2015/02/13

With or Without You - U2 歌詞と和訳とちょっとした解説

今回は、映画『ソロモンの偽証』のテーマソングとして利用されることとなったU2の"With or Without You"を訳してみたいと思います。U2の楽曲が日本映画に提供されるのは初めてということで、日本のマーケットに与える影響も気になるところです。
 




See the stone set in your eyes
See the thorn twist in your side
I'll wait for you

瞳の中にある石を見るんだ
傍らで揺れる茨を見るんだ
俺はお前を待つさ
Sleight of hand and twist of fate
On a bed of nails she makes me wait
And I wait without you
With or without you
With or without you

策略と運命の揺れ
針のむしろで彼女は俺を待たせ
俺はお前なしで待つのさ
共にいようとも 共にいなくとも
共にいようとも 共にいなくとも
Through the storm we reach the shore
You gave it all but I want more
And I'm waiting for you
With or without you
With or without you
I can't live
With or without you

嵐を越えて岸にたどり着いて
お前は全てを与えてくれたが 俺は満たされない
そして俺はお前を待ち続ける
共にいようとも 共にいなくとも
共にいようとも 共にいなくとも
もう生きてはゆけない
共にいようとも 共にいなくとも
And you give yourself away
And you give yourself away
And you give
And you give
And you give yourself away

そしてお前は捧げるんだ
My hands are tied, my body bruised
She's got me with
Nothing to win and
Nothing left to lose

この手は固定され、体は痛めつけられ
彼女は俺が勝つために何も与えてくれないし
失うものも何も残してはくれない
And you give yourself away
And you give yourself away
And you give
And you give
And you give yourself away
そしてお前は捧げるんだ

With or without you
With or without you
I can't live
With or without you

共にいようともいなくとも
もう生きてはいけないんだ

With or without you
With or without you
I can't live
With or without you

With or without you

Ooooooooo
Ooooooooo
Ooooooooo

With or without you
With or without you
I can't live
With or without you

With or without you

Uuuu
Uuuu


楽曲"With or Without You"は、U2の3枚目のアルバム"The Joshua Tree"からのシングル曲として1987年にリリースされました。
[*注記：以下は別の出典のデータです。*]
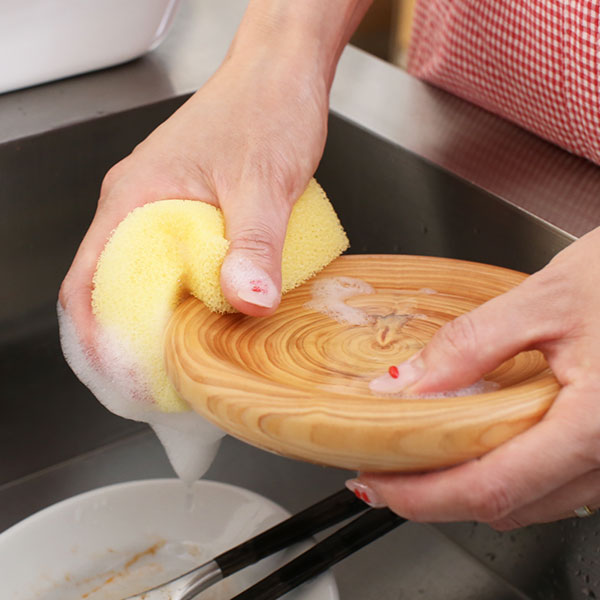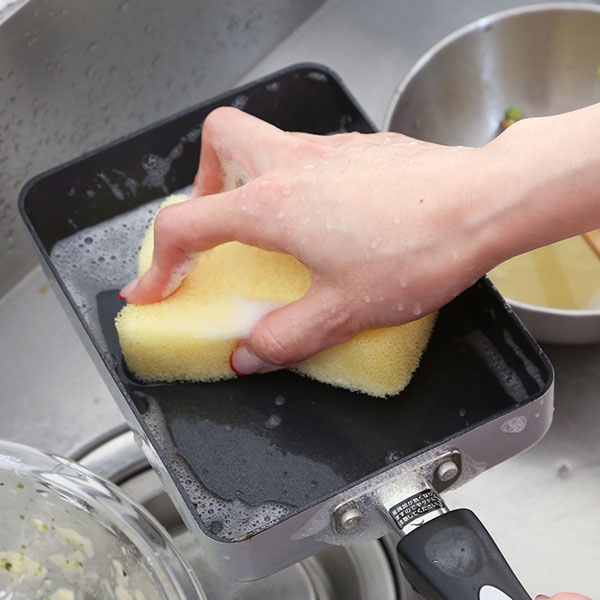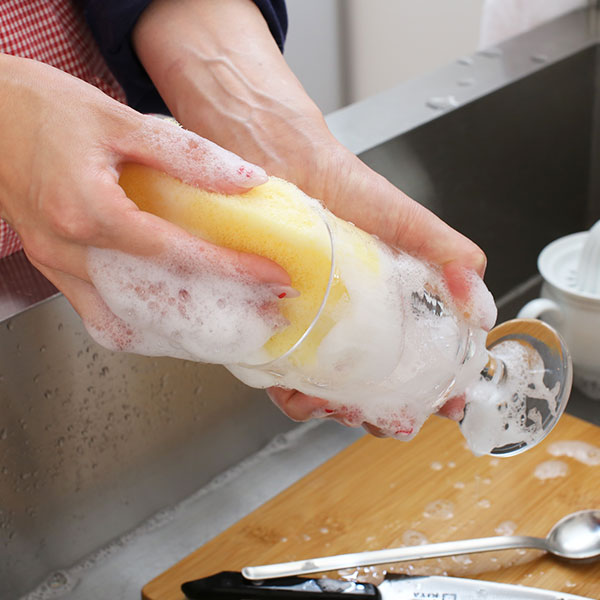 やわらかい亀の子スポンジは目が粗いため泡立ちが良く、少量の洗剤で、もこもこと泡ができあがります。中に残った洗剤も数回揉みこめばすっきりなくなり、水切りもスムーズです。
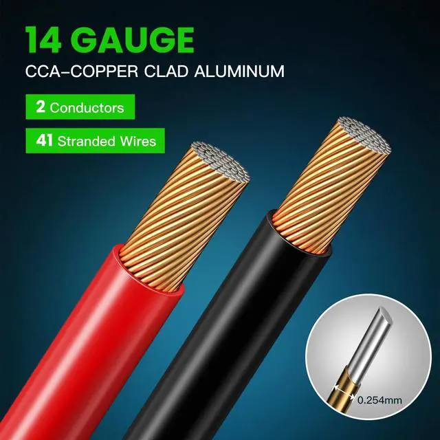 ^^ High-Performance Sound: This high-quality copper-clad aluminum speaker cable can meet low signal loss requirements, and deliver crystal-clear audio, making your music, movies, and podcasts sound fantastic, regardless of weather conditions.
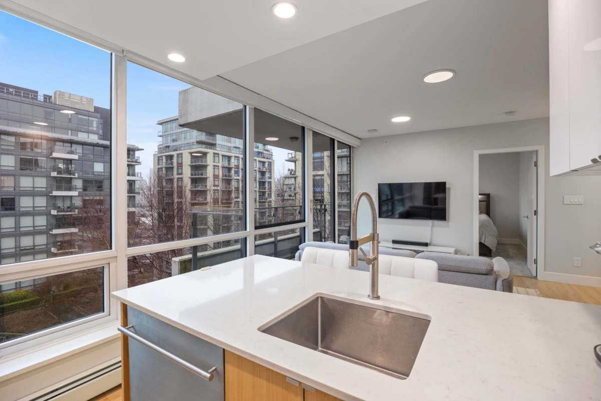 A standout south-west facing corner 1 bedroom + den at Tower Green, perfectly positioned in Vancouver’s sought-after False Creek neighbourhood. This bright home offers unobstructed City Hall views, 8'4 ceilings, and a smart, efficient layout that feels larger than expected. The U-shaped kitchen features full-size appliances and generous in-suite storage with no wasted space. Updates include Lutron electric curtains with wall panels and app control, new fridge, LED ceiling lights, updated bathroom fixtures, magnetic kitchen faucet, and a new bedroom rug. Portable AC included. Enjoy the seawall steps from your door and easy access to both the Canada and Expo Lines. Includes 1 parking, 1 bike locker.
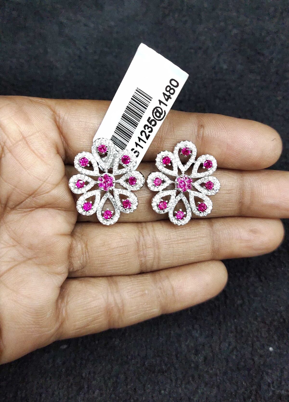 92.5 SILVER COLLECTIONS BUTTON TYPE BOTTLE GREEN,RUBY AND NAVY BLUE COLOR EARRINGS
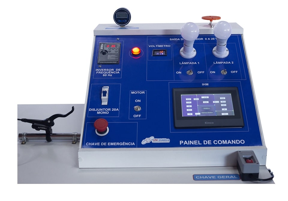 • Acoplado a turbina possuí um gerador para geração de energia, no painel esta localizado medidores da saída  do gerador, o painel possui um CLP e IHM onde é possível ver a vazão LPH, corrente, tensão, rendimento global, consumo de energia, carga (torque), gráficos e coleta de dados.
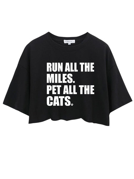 RUN ALL THE MILES PET ALL THE CATS CROP TOPS
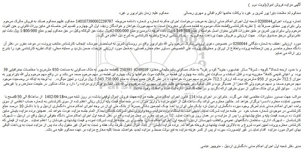 شماره پرونده اجرایی0200044 شعبه اول اجرای احکام مدنی اردبیل به موجب درخواست اجرای حکم به شماره و شماره دادنامه مربوطه 140107390002239797 محکوم علیهم محکوم هستند به فروش ماترک مرحوم ولی بایرام پور مطابق صرفاً بند 1 نظریه کارشناسی(قطعه ملک موسوم به قطعه مسکونی مخروبه) نسبت به سهم مورث خواهان و خواندگان ردیف اول الی چهارم و تقسیم ثمن حاصله فی مابین وراث قانونی و حین الفوت مرحوم ولی بایرام پور ثمرین بر طبق مقررات قانونی بعنوان اصل خواسته و مبلغ 4/149/388 ریال بابت هزینه دادرسی و مبلغ 42/000/000ریال بابت حق الوکاله وکیل در حق محکوم لهم و مبلغ 1/800/000 ریال بابت نیم عشردولتی درحق صندوق دولت. جهت ارزیابی و فروش جهت پرداخت محکوم به ، به کارشناسی ارجاع ونظریه کارشناسی به شرح ذیل اعلام می گردد.
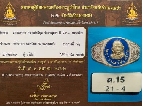 | | [ ชื่อพระ ] แหวนรุ่นแรก ปี 2501 พระครูวิบูลวชิรธรรม (๒) | | [ รายละเอียด ] สถานะ "แชมป์รางวัลที่ ๔ งานประกวดพระ ๕-๖ ตุลาคม ๒๕๖๒ วัดพระบรมธาตุ กำแพงเพชร" แหวนลงยารุ่นแรก ปี 2501 พระครูวิบูลวชิรธรรม หรือ หลวงพ่อสว่าง วัดท่าพุทรา เจ้าตำรับเหรียญปลอดภัย ที่ลูกศิษย์ต่างหวงแหน และมากไปด้วยประสบการณ์ ของ จ.กำแพงเพชร สภาพงามๆครับ แบบนี้หาเจอยากครับท่าน | [ ราคา ] ฿9 [ สถานะ ] โชว์พระ
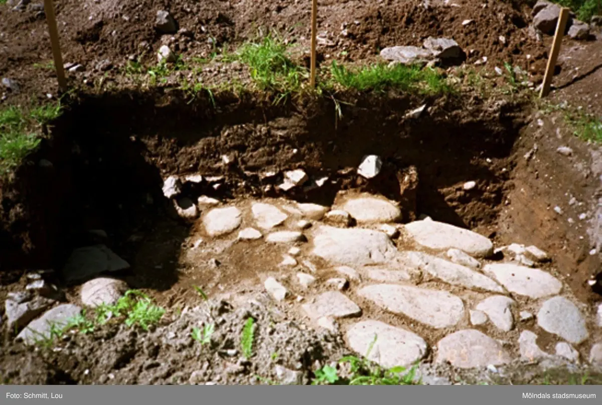 Ett utgrävningsschakt i Gunnebo slotts köksträdgård "A", augusti 1995.
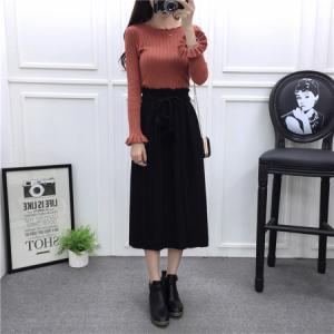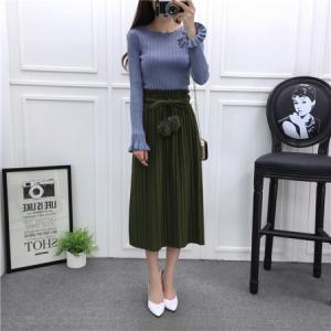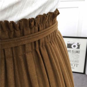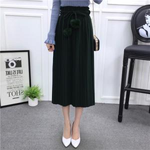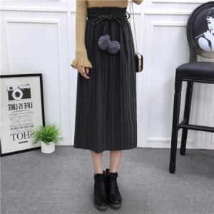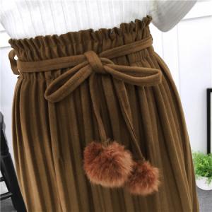 プリーツスカート ウールスカート ウェストリボン フェイクファー ロング丈
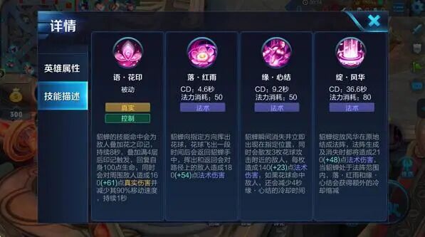 1、貂蝉一直是热门法师中的top,伤害主要来自她的被动。首先一技能两段全命中可以叠加两层印记,二技能命中叠三层,最后大招开启到结束也能叠加一层。
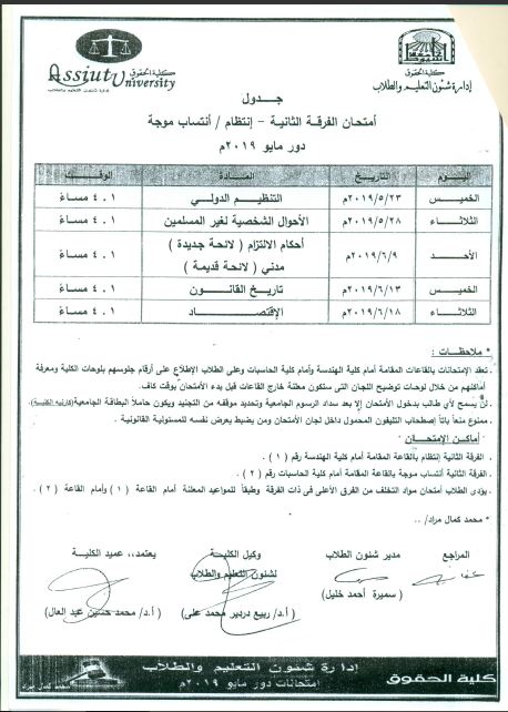 The second year exam schedule
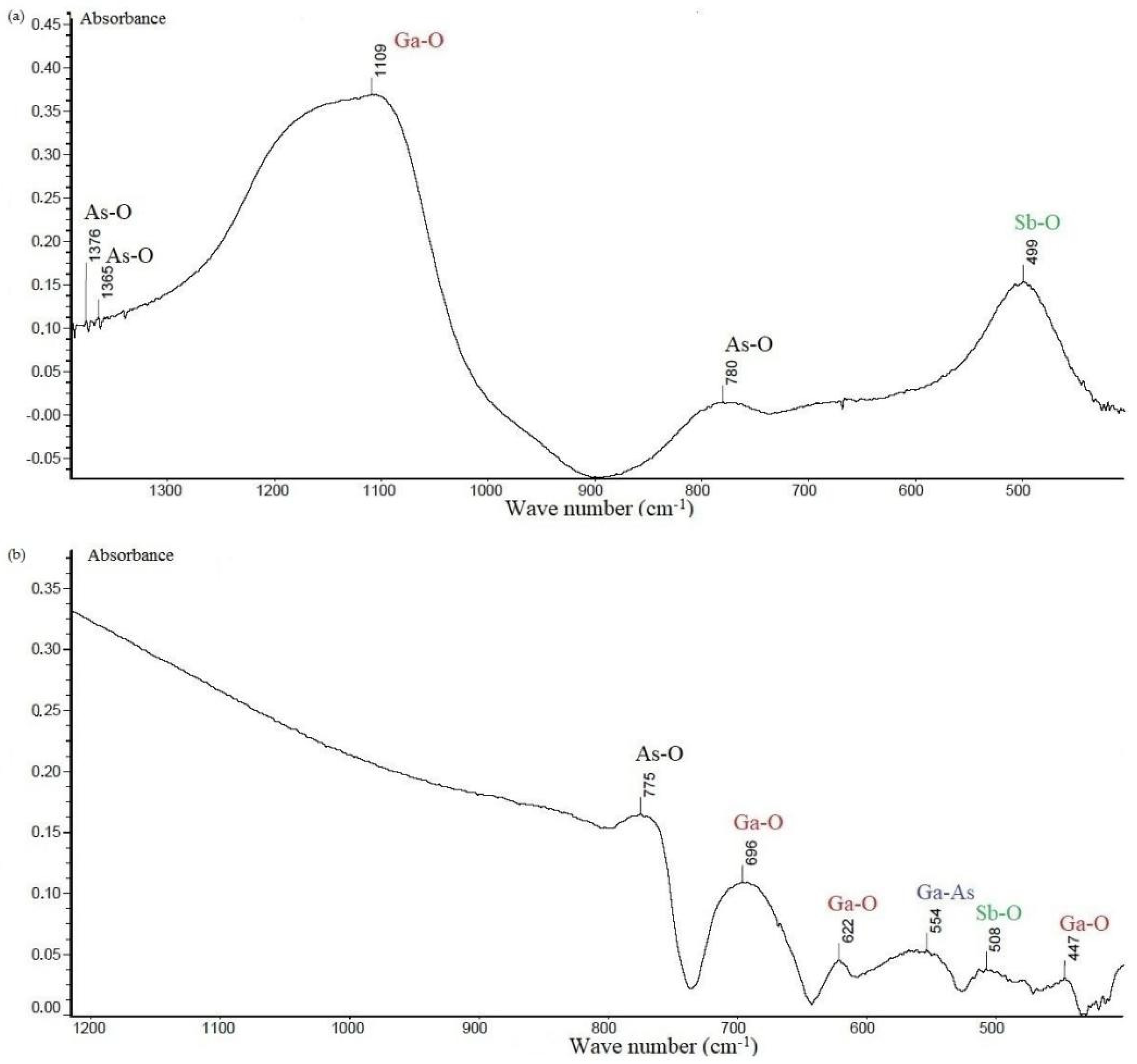 It was found that gallium, arsenic, and antimony were present in the films. Since thermal oxidation was carried out in an oxygen stream, oxygen was the deficient component of the film. The content of oxygen cannot be directly determined by this method and therefore it was calculated by assuming that oxygen made the remainder up to 100%. Moreover, based on its large content, it can be assumed that all other elements were in an oxidized state.
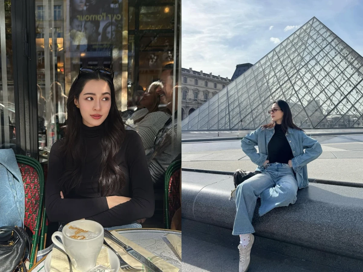 Nữ diễn viên Thái Lan gốc Hồng Kông Sirilak Kwong mang đến cách phối đồ nhẹ nhàng hơn với áo cổ lọ đen. Thiết kế vốn tối giản và gọn gàng này khi kết hợp cùng áo khoác denim lập tức tạo cảm giác thoải mái, phóng khoáng. Ngay cả khi không thêm phụ kiện, sự hài hòa của các mảng màu lớn vẫn đủ tạo nên diện mạo cuốn hút.
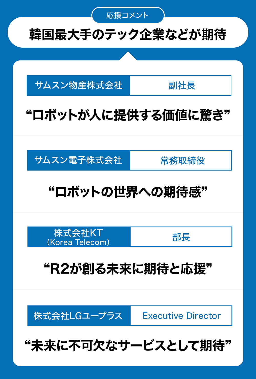 今回の資金調達にあたり、弊社並びに親会社が展開している、超低遅延のリアルタイム通信技術がつくる未来に対して、応援と期待のコメントをいただいております。
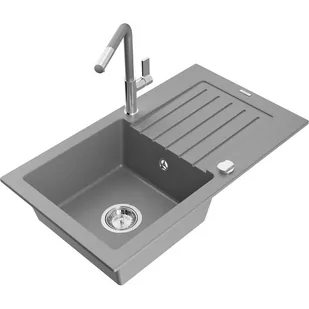 Szary Kolor baterii: Chrom/Szary Dane techniczne: Zlewozmywak: Rozmiar: 752x436x161 mm Głębokość komory: 151 mm Wymiary komory:
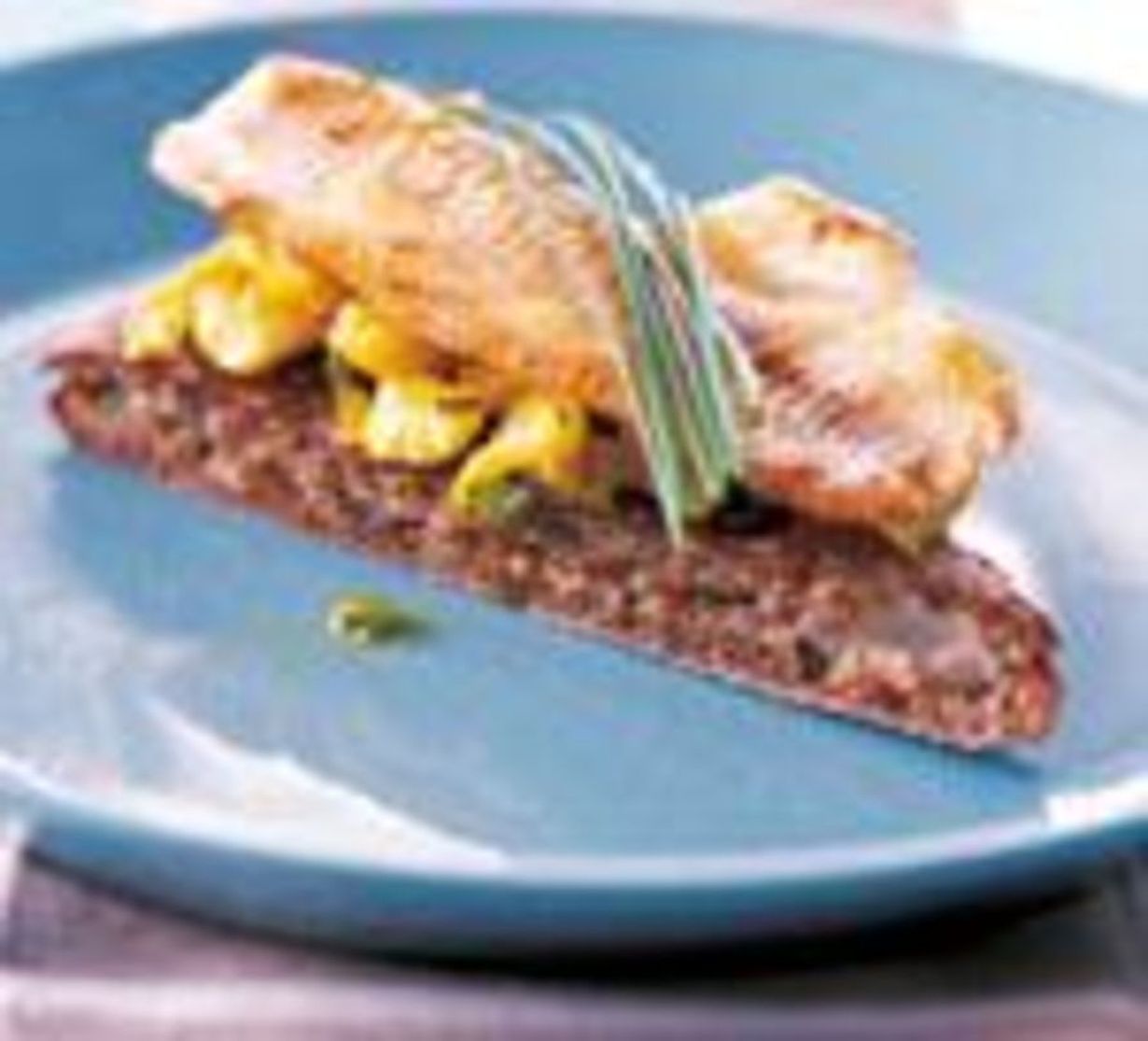 - Paista leipiä pienellä lämmöllä paistinpannulla, kunnes ne ovat lämpimiä ja juusto hieman sulanut. Voit paistaa leipiä myös uunin keskitasolla 200 asteessa 5-10 minuuttia. Leikkaa leivät halutessasi kolmioiksi. Aseta leivät lautaselle. Laita kukkakaalipaistosta päälle ja päällimmäiseksi kuumat ahvenfileet. Tarjoa viileän valkoviinin kanssa.

それまではUKアイルランドローカルのロックバンドだったU2でしたが、"The Joshua Tree"はワールドワイドで2500万枚を売り上げる程の商業的な大成功となり、世界的なアーティストへと上り詰めてゆきます。"With or Without You"も同様、ワールドワイドの音楽シーンにも大きな影響力があるUSビルボードで、U2初となるシングル1位を獲得しました。


歌詞を表面的に見ていくと単なる波乱含みのラブソングですが、ボノが敬虔なクリスチャンであることから、宗教的な文脈による解釈も多くなされており、"I can't live with or without you"の you がJesus (キリスト)であると考えている人も多いようです。

ただ、"And you give yourself away"について、『U2として世間の目に晒されることについて、自分自身やバンドがどう感じているかってことなんだ』とボノがコメントを残しており、バンドのフロントマンであるボノが、自身の苦悩を表現した歌であることを明らかにしています。

また、後年本人によるさらに詳しい楽曲の解説がなされており、


『歌詞については純粋な苦悩を表現した。それはアーティストとして生きる自分と、愛するものをもつ男として生きる自分の対立なんだ。』

と語られています。


『例えば誰かに会って、それがデートをしたいような相手だとして、でも俺は結婚してるからそんなことは出来ない。それでセックスなんてもっとありえない。

だがそんな飼い慣らされた獣みたいな人生を送って、そのまま子供を持って所帯じみた生活をして、それが本当にアーティストだと言えるのか。それとも家庭を裏切るのか?俺にとってはとても難しい問題だった。

その二つの人格は同居していて、責任感ある保守的で忠実な自分と、ブラブラしてて怠け者で責任から逃れたがっている自分がいたんだ。

それは俺自身を壊すことになると考えていたんだけど、実際は俺は俺でしかなくて、結局そのどちらも含めてアーティストとしての俺が成り立っていた。

つまり矛盾する二つの中央に居るのが俺だったんだ。』


"with or without you"という言葉は、ミュージシャンである自分と一人の男としての自分の相克による葛藤を託して吐き出した、ボノの叫びのようです。